The good news – inasmuch as there is any – is that most of this unemployment rise is still classified as temporary. And many states are now trying to re-open for business. So it’s possible that many of these people will be able to return to work in the relatively near future.
The key question at that point is: how much work will there be to return to? And that’s probably the main risk from an investment point of view.
There’s only so long that you can keep an economy in deep freeze before parts of it start to die off, regardless of how careful you are in conducting the initial cryogenics. Government help can go a long way, but even though we’re edging towards unlimited money printing, there’s still some wariness of going all-out for broke.
For example, returning to the UK, there are reports that the chancellor, Rishi Sunak, is looking at extending the government’s plan to pay for part of the wages of “furloughed” employees from the end of July until September (apparently we might get confirmation today). But from that point the government would only cover 60% of the wage bill.
It’s understandable that the government is looking to cut back. Something like a quarter of Britain’s private sector workforce is currently on furlough, which is costing the government a fortune. But it means that some tough choices are coming.

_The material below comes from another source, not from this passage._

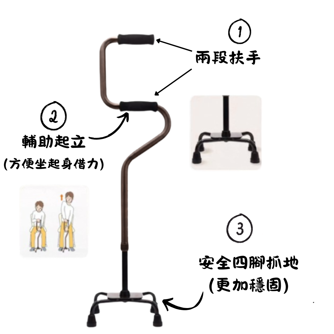 S型輔助起立二段式手杖四腳枴杖(銅色)
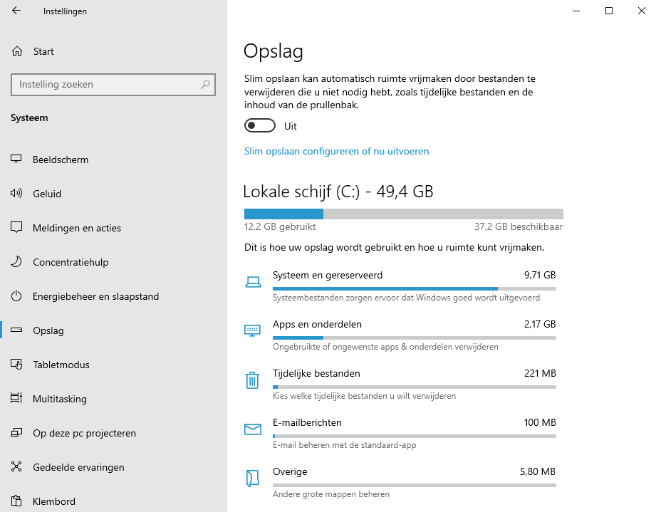Onder Instellingen | Systeem | Opslag wordt de gebruikte opslag op je schijf nu per categorie weergegeven. Het nieuwe onderdeel Systeem en gereserveerd is hier ook zichtbaar (vanaf nu wordt 7 GB opslagruimte gereserveerd voor updates en systeemtaken). Verder zie je bijvoorbeeld Apps en onderdelen, Tijdelijke bestanden, E-mailberichten, Documenten, Afbeeldingen, Muziek, Video's en meer zodat je in één oogopslag ziet waar je ruimte voor gebruikt wordt.

Being laid off temporarily with 80% of your wages being paid is a situation most people can cope with. It will be tougher for some than for others, but some might even welcome it, particularly if their spending has fallen during lockdown in any case.
However, getting that cut to 60% becomes significantly tougher, particularly as it follows hard on the heels of three months with an already-diminished wage. It also starts to raise some tough questions for the companies involved: are these employees ever coming back? Or has the firm simply taken too big a hit?

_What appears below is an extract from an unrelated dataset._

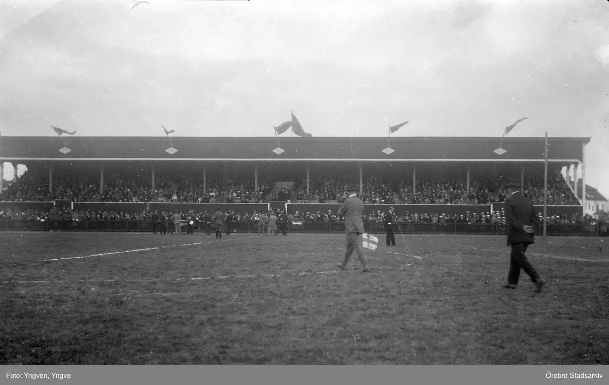 Läktaren på Eyravallen full med besökare, 1920-tal

We’ve already seen the airlines making redundancies and I’d expect to start seeing that spread through other sectors over the coming months. This is when we start moving from the storyline that “the economy has been put into deep freeze” to realising that some of this damage is permanent (or at least, we can’t go straight back to “normal” after a few months).
Markets are not the economy – but still…
What does all of this mean from an investment point of view?

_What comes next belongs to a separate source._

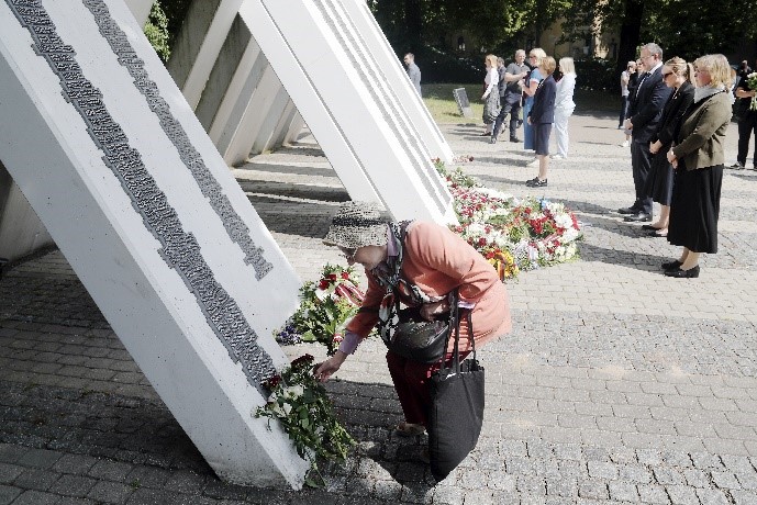 2025年7月4日,拉脱维亚里加,一名女子在犹太人大屠杀受害者纪念日期间,在纪念碑前献花

Rising unemployment is bad news for an economy, particularly one that depends on consumer spending (not to mention buoyant house prices).
If people don’t have jobs then they don’t have as much (if any) disposable income. If they don’t have disposable income, they don’t buy stuff. If they don’t buy stuff, companies don’t make profits or hire people – which in turn entrenches unemployment.
So it’s a vicious cycle. Obviously at some point that turns around when the economy hits rock bottom. But in the meantime it’s ugly. And it creates an environment in which more and more of the loans made to support companies now will end up going bad in the longer run, because there simply isn’t the demand to keep them afloat.
That said, like it or not, as we’ve often pointed out, stockmarkets are not the economy. And whatever else happens, it’s clear that central banks have acted more rapidly than ever before to underwrite the banking sector, and they have also made it clear that they will continue to print money if things don’t go their way.
For example, it's pretty clear that the Bank of England is keen to do even more quantitative easing (QE) at its next meeting.
The liquidity has to go somewhere. And with “tail risks” (the risk that a bank or some other systemically important institution goes bust and takes the entire market with it) being eliminated across the board by central banks, that does point to markets remaining propped up, even if those highs seem artificial or almost offensively oblivious to you as an individual investor.
Bear in mind that in 2009, markets bottomed well before the economic carnage of the recession had ended.
In any case, for now, there’s not much I can say except to stick to your investment plan (or get one if you haven’t got one). And do own some gold in your portfolio – the flip side of all this money printing is that it becomes politically harder to stop doing it when and if it becomes feasible to do so.
(We write a lot more about this in the current issue of MoneyWeek magazine – subscribe now to get your first six issues free, plus a free ebook on previous booms and busts).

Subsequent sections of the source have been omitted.